Ketamine, initially developed as an anesthetic and analgesic, displays a wide range of pharmacological properties, including dissociative, hallucinogenic, and stimulatory effects [1,2]. Designed as a safer alternative to phencyclidine, ketamine has become a valuable tool in medical practice due to its unique pharmacodynamic profile.

Since the early 2000s, ketamine has gained increasing attention for its rapid antidepressant effects, particularly in cases of treatment-resistant depression, where conventional antidepressants fail to produce adequate responses in up to 30% of patients [3,4,5]. Unlike traditional therapies, which may take weeks to exert clinical effects, ketamine can alleviate depressive symptoms within hours [6]. In addition to psychiatry, ketamine has shown efficacy in pain management, especially for chronic and neuropathic pain conditions such as complex regional pain syndrome type I [7,8,9].

However, despite its therapeutic promise, ketamine use—especially when prolonged—raises concerns regarding cardiovascular safety. Common side effects include increased blood pressure and heart rate, palpitations, arrhythmias, and hemodynamic instability [10,11]. Evidence suggests that these effects may be mediated by oxidative stress in cardiac tissue, with chronic exposure exacerbating such outcomes and increasing the risk of cardiotoxicity [12].

The long-term cardiovascular effects of ketamine remain poorly understood, particularly regarding autonomic regulation. Some studies report heightened sympathetic activity, electrical disturbances, and cardiomyocyte apoptosis following repeated exposure [13]. Although pharmacological agents have been proposed to mitigate these effects, alternative strategies such as aerobic exercise may offer safer, non-pharmacological protection.
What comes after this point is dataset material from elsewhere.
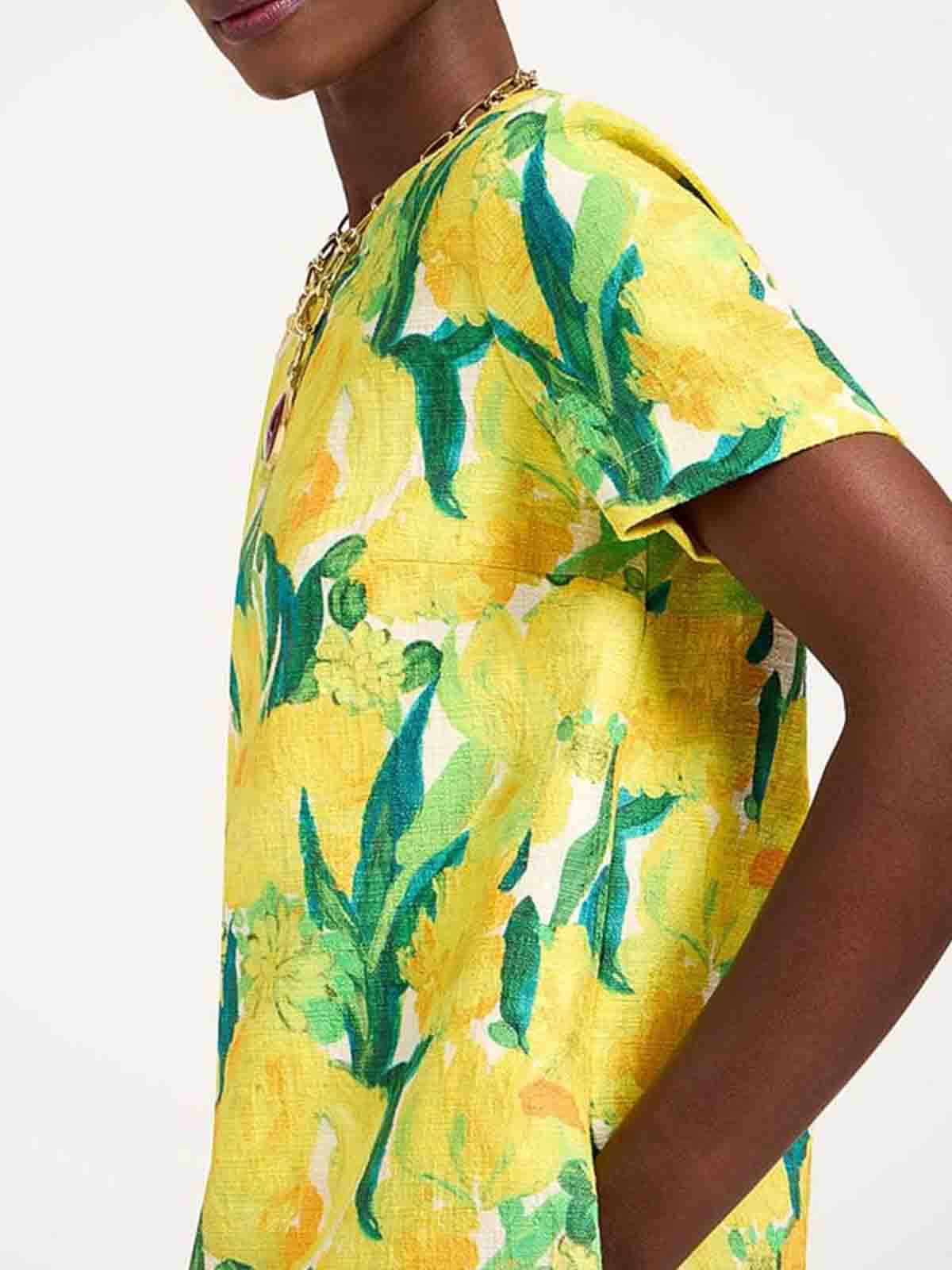 Cotton style, fitted at the shoulders, loose at the hips, flared, above-the-knee length, hidden shaped side pockets, hidden back zip. composition: 98% cotton 2% elastane made in italy

In this context, a recent systematic review by Gullett et al. [14] emphasized the role of parasympathetic regulation—measured via heart rate variability (HRV)—as a marker of emotional and physiological resilience and highlighted the potential of non-pharmacological interventions to restore autonomic balance and reduce vulnerability to stress-related disorders.
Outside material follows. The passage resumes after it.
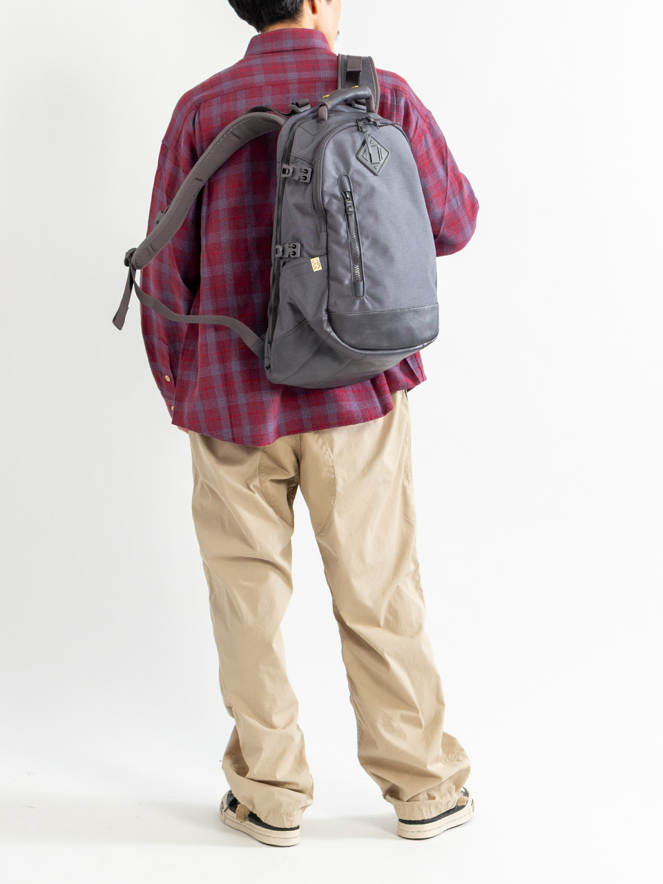 CORDURAナイロンとフランス製ベジタブルタンニングラムレザーを使用した、容量20Lのバックパック。

Aerobic exercise is well established as a non-pharmacological intervention that improves cardiovascular health. It reduces blood pressure, enhances baroreflex sensitivity, and improves autonomic balance by reducing sympathetic and increasing parasympathetic modulation [15,16]. These adaptations raise the hypothesis that exercise may buffer the adverse cardiovascular effects of chronic ketamine use.
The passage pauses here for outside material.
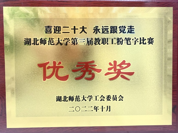 本网讯(通讯员 柯康敏)为庆祝党的二十大胜利召开,进一步推动校园文化建设,提高教师教学基本功,展示教师良好职业素养,10月20日下午,湖北师范大学举办了“喜迎二十大 永远跟党走”第三届教职工粉笔字比赛,来自各分工会共18位选手参加角逐。乐动(中国)学工部王磊老师代表乐动(中国)参加了此次比赛,荣获优秀奖。

Despite emerging data on ketamine’s acute cardiovascular effects, few studies have systematically evaluated the impact of chronic ketamine exposure on baroreflex sensitivity and heart rate variability—key markers of autonomic function and predictors of cardiovascular risk. The existing literature has largely focused on structural or electrophysiological outcomes, with limited emphasis on dynamic neural regulation. Moreover, the potential of aerobic exercise training to counteract such autonomic impairments in chronic ketamine models remains underexplored. This study addresses this gap by investigating whether aerobic exercise can prevent or reverse ketamine-induced impairments in cardiovascular autonomic regulation, as assessed through baroreflex sensitivity, spectral HRV indices, and pressure variability in conscious animals. By clarifying these interactions, our findings aim to expand the current understanding of non-pharmacological strategies for mitigating ketamine-related cardiotoxicity.

2. Materials and Methods

2.1. Animals and Experimental Design

Twenty-four male Wistar rats (12 weeks old), with no signs of illness prior to the experiment, were used in this study. Rats were sourced from the institutional animal facility, were specific-pathogen-free, and had no prior experimental manipulation. Inclusion criteria included male Wistar rats aged 12 weeks and in healthy condition; no a priori exclusion criteria were defined. All 24 animals enrolled in the study completed the experimental protocol, and no animals or data points were excluded from the analysis. Each experimental group consisted of six animals (n = 6).

Animals were randomly allocated into four groups (n = 6 per group) using a simple randomization method based on a random number generator. The allocation was performed by an investigator who was not involved in the subsequent phases of the experiment. The groups were as follows: sedentary control (S), trained control (T), sedentary treated with ketamine (S-Ket), and trained treated with ketamine (T-Ket). To minimize potential confounders, animals were housed in identical polypropylene cages (43 × 23 × 16 cm, three per cage) under controlled temperature (20 ± 2 °C), relative humidity (58%), and a 12 h light/dark cycle (lights on at 6:00 a.m.). Cage locations were rotated weekly, and the order of experimental procedures and measurements was balanced across groups when feasible to reduce systematic bias. Food and water were provided ad libitum.

The sample size was based on previous studies that used similar protocols to detect significant differences in cardiovascular autonomic outcomes in rodents. Although no a priori power analysis was performed, a post hoc power analysis based on the systolic arterial pressure values across the four experimental groups (n = 6 per group) was conducted. Using a two-way ANOVA model with two factors (exercise and ketamine), the estimated effect size (f = 1.2) yielded a statistical power greater than 99.9% (α = 0.05; G*Power 3.1). These results confirm that the sample size was adequate to detect meaningful physiological differences.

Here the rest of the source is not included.